= John Milsum =

Canadian control engineer

John H. Milsum (August 15, 1925 - November 9, 2008) was a Canadian control engineer who was Professor and first Director at the Biomedical Engineering Department of the McGill University in Montreal, and a professor at the University of British Columbia. Milsum is known for his book "Biological Control Systems Analysis" from 1966, which is a classic in the field and has been translated into many languages.

== Biography ==
Milsum was born in England. He received his Ph.D. in 1957 in control engineering at the Massachusetts Institute of Technology.

He started working at the National Research Council in Ottawa from 1950 to 1961. In 1961 he came to McGill as the first Abitibi professor of control engineering in the Department of Electrical Engineering. In 1972 Milsum moved to the University of British Columbia (UBC) to become the Imperial Oil professor of General Systems and a professor in the Department of Health Care and Epidemiology. He was instrumental in the creation of UBC's Institute of Health Promotion Research in 1990.

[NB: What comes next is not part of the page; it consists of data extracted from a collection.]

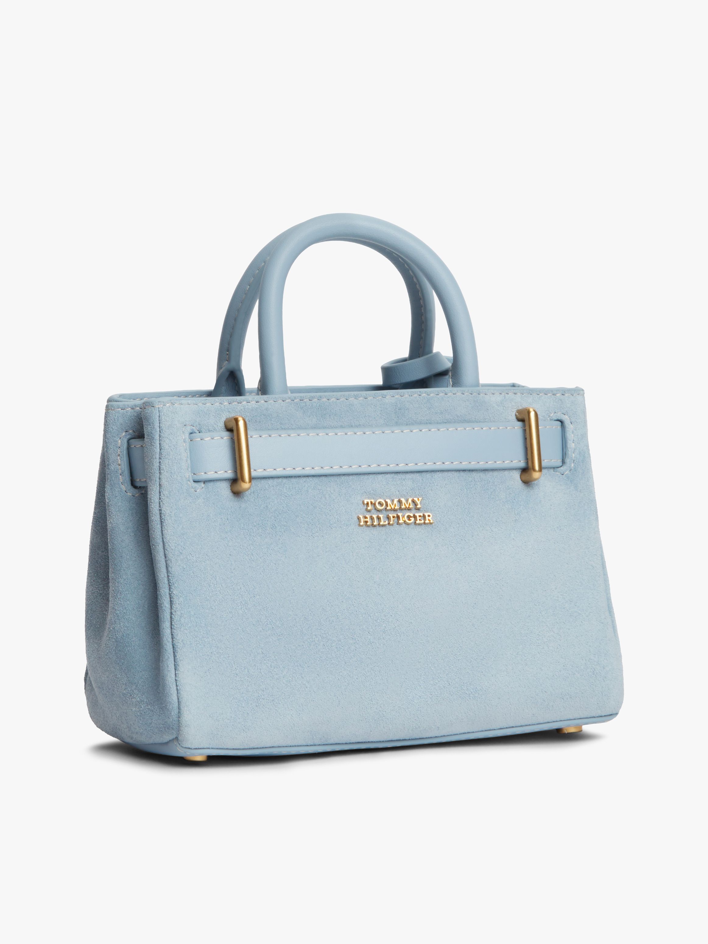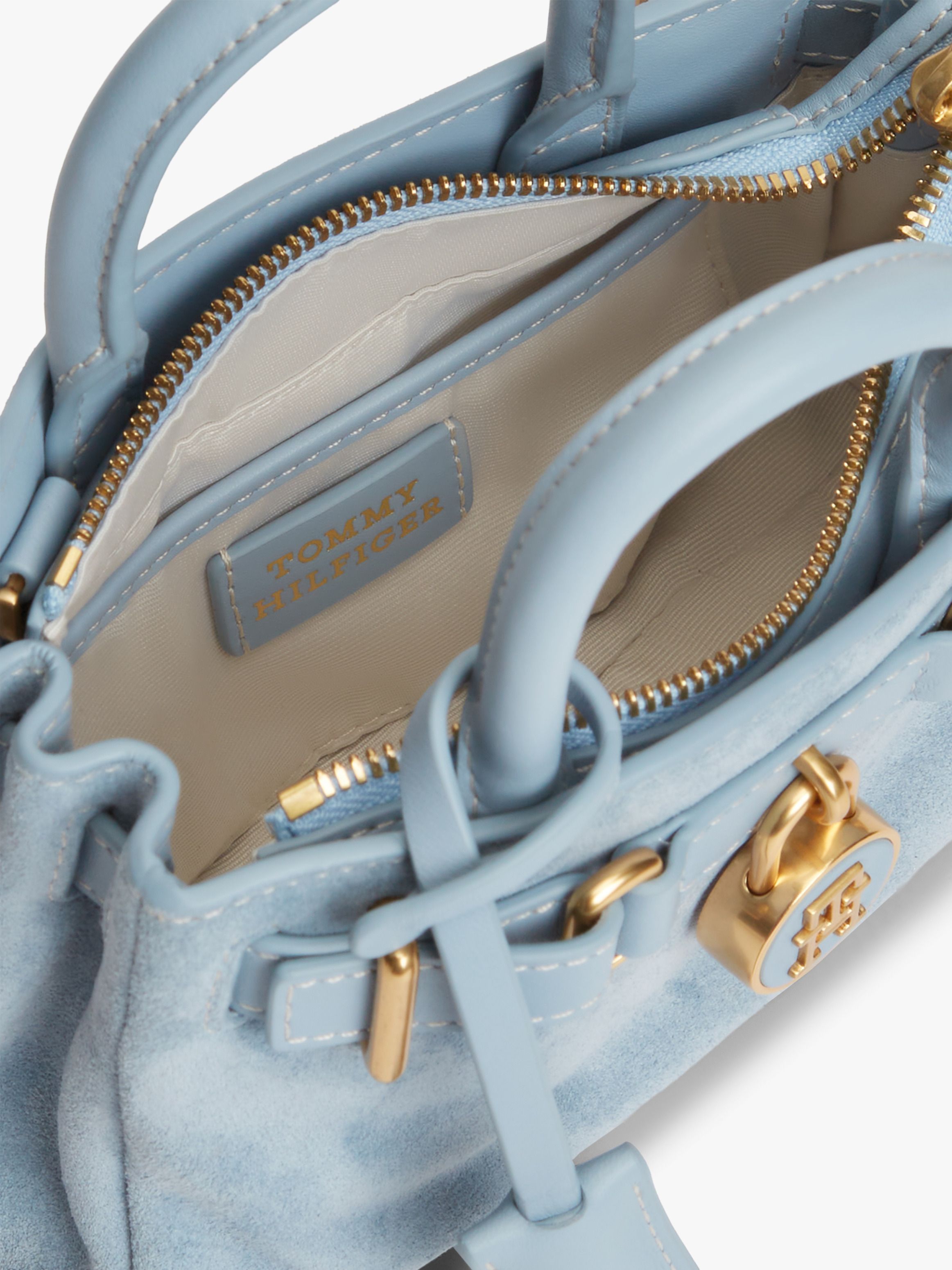 • Suede • Zip closure • Two top handles • Removable crossbody strap • One main compartment • One interior slip pocket • Metal risers on base • Padlock and key detail • TH monogram plaque on padlock • Tommy Hilfiger metal logo on back • Tommy Hilfiger branding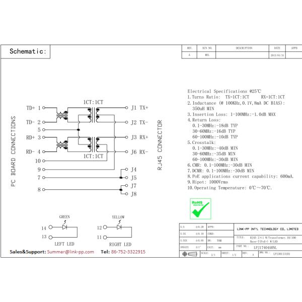 82G-1407GYD2NL | LPJ17404AHNL | LINK-PP | 2x1 100M Rj45 With LEDs |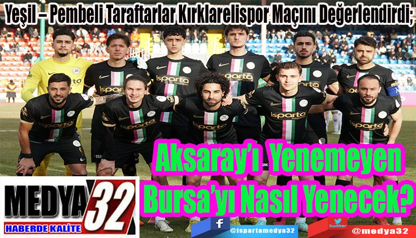 Ispartasporlu Taraftarlar, önceki gün Ispartaspor’un deplasmanda oynadığı ve sahadan 2 – 2’lik beraberlikle ayrıldığı 68 Aksarayspor maçını değerlendirerek; “Bursa maçı öncesi Aksarayspor maçının mutlaka kazanılması gerekiyordu. Takım çok vasat oynadı. Bu oyunla Aksarayspor’u yenemeyen takım Bursaspor’u nasıl yenecek?” Diye sordular.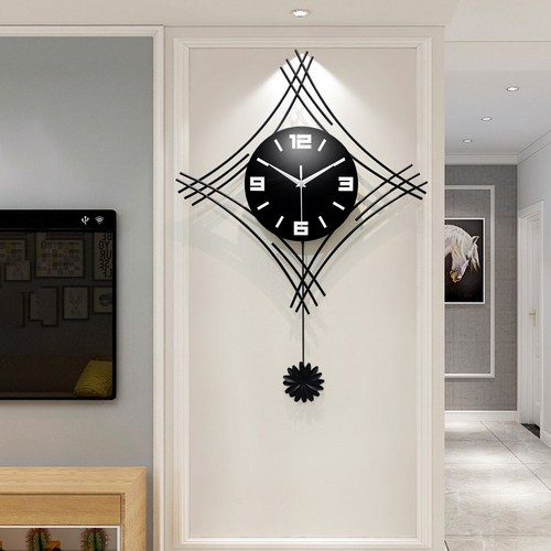 북유럽 무소음 인테리어 벽시계 인테리어 소품 집들이 선물, 심플 블랙 73x 48cm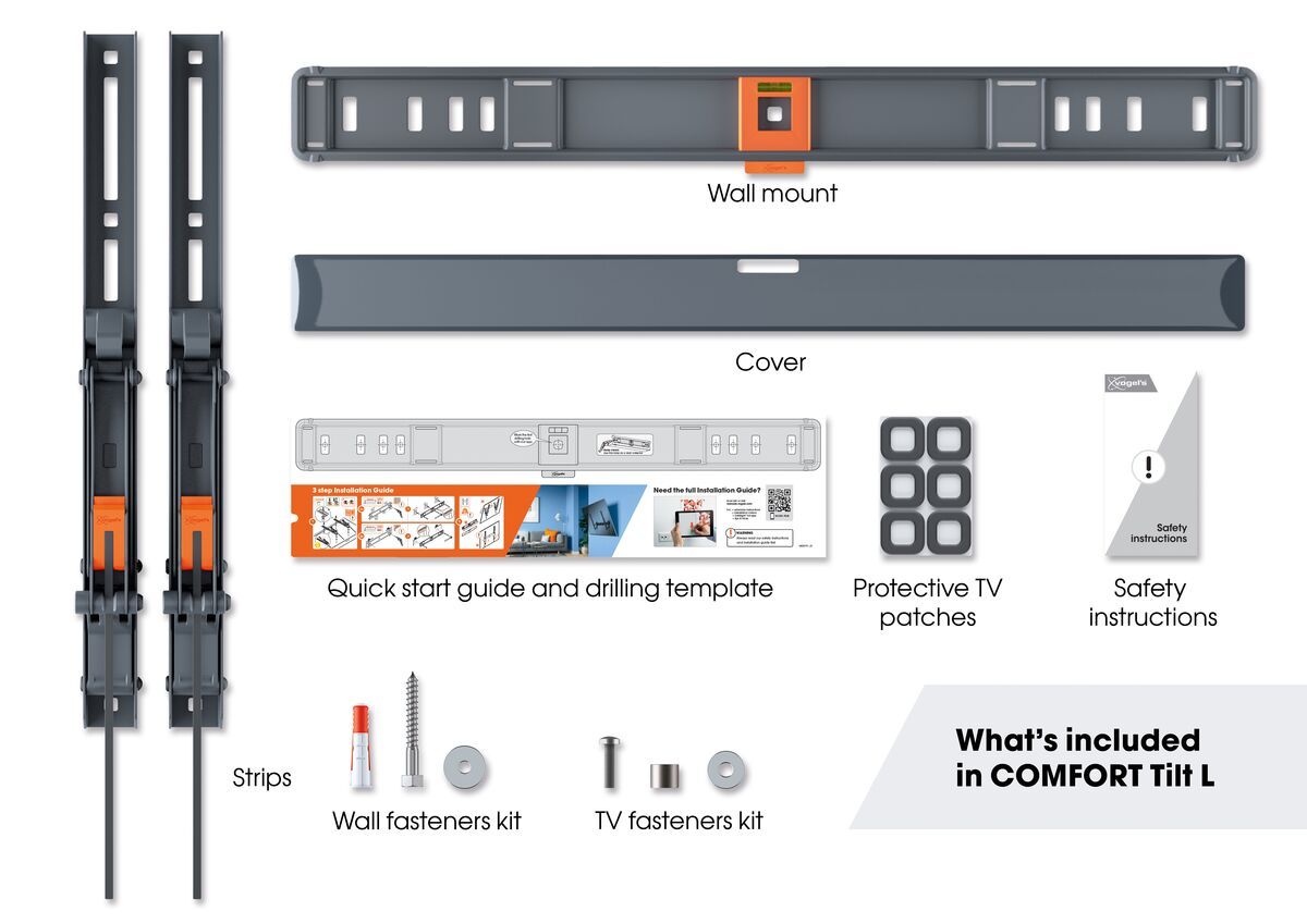 Le support mural inclinable Vogel's Comfort 3615 est conçu pour les téléviseurs de 40 à 77 pouces. Ce support permet d'incliner facilement votre téléviseur jusqu'à 20 degrés pour un angle de vision optimal. Il supporte un poids maximal de 35 kg et est équipé du système de sécurité ClickLoc, qui verrouille la télévision en toute sécurité. L'installation est simplifiée grâce à tous les éléments inclus, au niveau intégré et au guide d'installation rapide. L'application DrillRight AR de Vogel's facilite le marquage du premier trou de perçage. Le Vogel's Comfort 3615 est certifié TÜV et testé jusqu'à trois fois son poids maximal, garantissant ainsi le respect des normes de sécurité les plus strictes.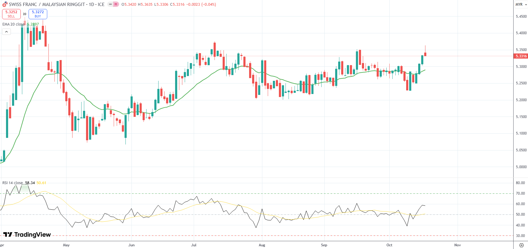 The CHF/MYR currency pair settled below recent high of 5.3635, its strongest level since July 10th, as concerns over US-China trade relations and signs of rising risk in regional American banks triggered a rush into safe-haven currencies such as the Swiss Franc.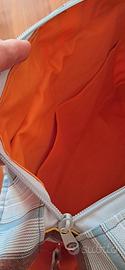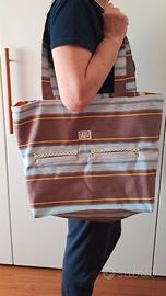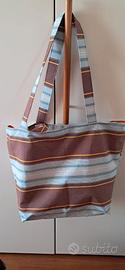Bella e capiente borsa mare, realizzata in tela di cotone, unica nel suo genere, dotata di cerniera , due tasche frontali più due interne, all'interno anche gancetto porta trousse. Realizzata e cucita a macchina, molto apprezzata anche come regalo Dimensioni circa 55x35x18 cm
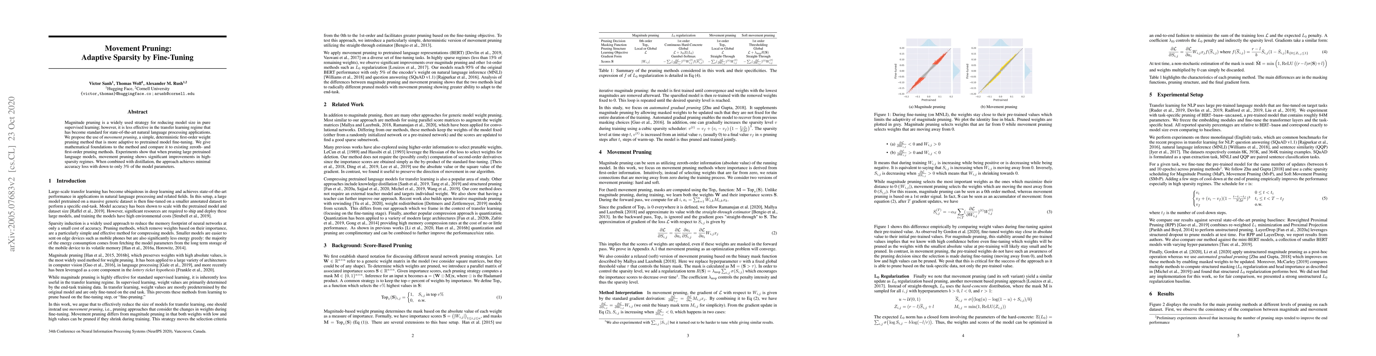 Title: Movement Pruning: Adaptive Sparsity by Fine-Tuning Summary: This paper introduces movement pruning, a deterministic first-order weight pruning method that enhances the efficiency of pretrained model fine-tuning, achieving significant improvements in accuracy even at high sparsity levels, and minimal loss when combined with distillation.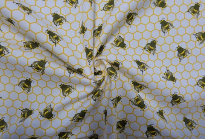 A Quality Ex-Designer 100% Cotton Poplin Honeycomb/Bee Print in Ivory/Yellow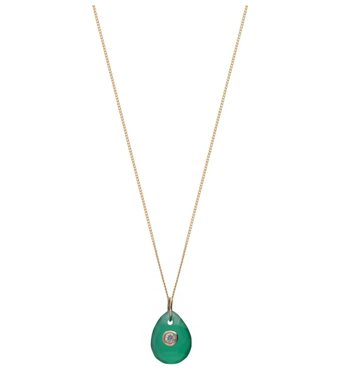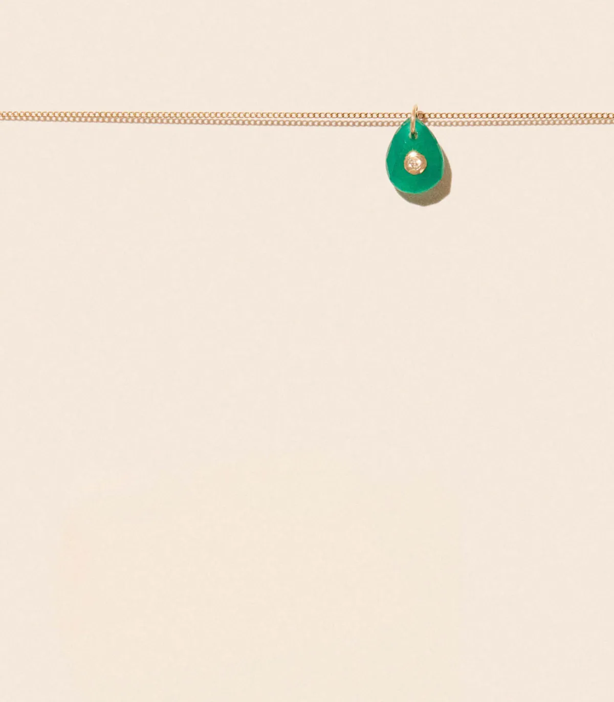 Collier ras de cou Orso en version Green Onyx par Pascale Monvoisin. Une élégante pierre d’onyx verte taillée et sertie d’un diamant vient habiller le cou d’une délicate touche précieuse, suspendue à une discrète chaîne en or.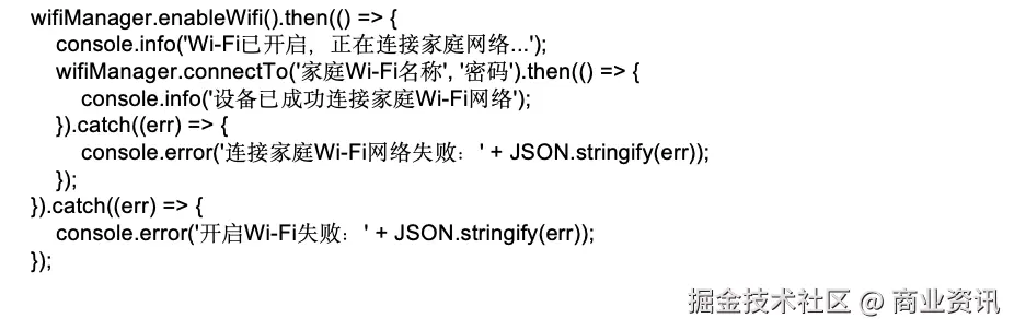· 智能家居设备在启动时,通过相关 API 配置 WLAN STA 模式,自动搜索并连接家庭 Wi-Fi 网络。以下是简单示例代码(假设 wifiManager 为 WLAN 管理模块实例):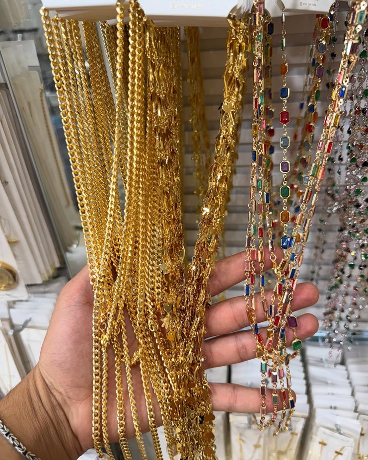 Altın renkli, zincir detaylı ve renkli taşlarla süslenmiş kadın el zincirleri. Bohem tarzda, günlük kullanıma uygun. ✨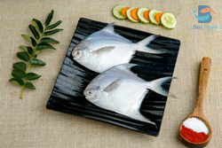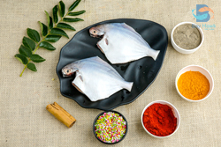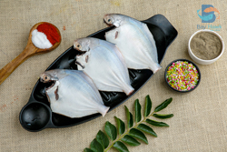 White Pomfret in Tamil is Vellai Vavval. White pomfret fish has low-fat content. The white pomfret is marinated well using a freshly ground konkani masala and is pan roasted on a tawa till it is charred well. You can serve the fried pomfret along with a flavourful fish curry and steamed rice by the side.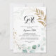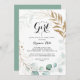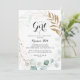 Este floral de ouro rústico é um convite para chás de fraldas de menina é perfeito para um simples chá de fraldas ou borrifo. Este design artístico apresenta folhagem verde de ouro, feita à mão, floral e aquarela, eucalipto, belamente organizada numa elegante moldura geométrica.
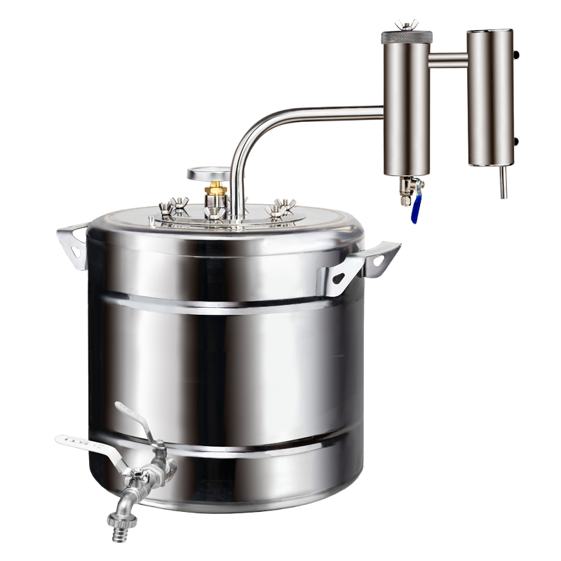 Сухопарник — ёмкость между баком и холодильником, предотвращает попадание вредных примесей в конечный продукт. Разборный сухопарник — это особенность дистиллятора «Феникс «Мечта-2», он выдаёт чистый продукт крепостью до 70%. С помощью сухопарника проводится и ароматизация напитка: положите в ёмкость кусочки фруктов, цитрусовые корки или пряности и получите авторский алкоголь с индивидуальным вкусом и ароматом. Важно соблюсти условие — наполнять резервуар только на 70%, чтобы оставалось место для спиртовых паров. Широкая горловина бака (11,7 см) даёт возможность с лёгкостью заливать брагу, а также мыть бак после использования. Классический змеевик в проточном холодильнике делает процесс конденсации пара эффективным, и на выходе Вы получаете уже охлаждённый продукт.

He was president of the International Society for the Systems Sciences in 1967-68. And he was a member of the National Research Council in Ottawa.

In 1986, he was bestowed the honour of Emeritus Member of the Canadian Medical and Biological Engineering Society.

Milsum died peacefully at home in 2008 November, at age 83.

== Publications ==
- 1955. Preliminary investigation of transient cooling of aircraft electronic equipment using heat storage material. with William G. Nance.
- 1957. Problems in optimizing of stochastically-disturbed, saturating regulators, employing a binary error criterion. Thesis Sc.D., Massachusetts Institute of Technology, Dept. of Mechanical Engineering.
- 1966. Biological Control Systems Analysis. McGraw Hill ISBN 978-0-07-042398-5
- 1968. Positive Feedback. (editor) Pergamon Press Ltd.
- 1984. Health, stress, and illness : a systems approach. New York : Praeger.

Articles:
- 1972, "The Hierarchical Basis for Living Systems," in George J. Klir (ed.), Trends in General Systems Theory. New York. 1972.
- 1973, "On Optimization of Health Care Systems". in: Optimization Techniques 1973: 335-346
- 1973, "Hospital admission systems: their evaluation and management". with E. Turban and I. Vertinsky in: Management Science.
- 1985, "A model of the eustress system for health/illness". in: Behavioral Science. Vol 30, Issue 4, Pages 179 - 186.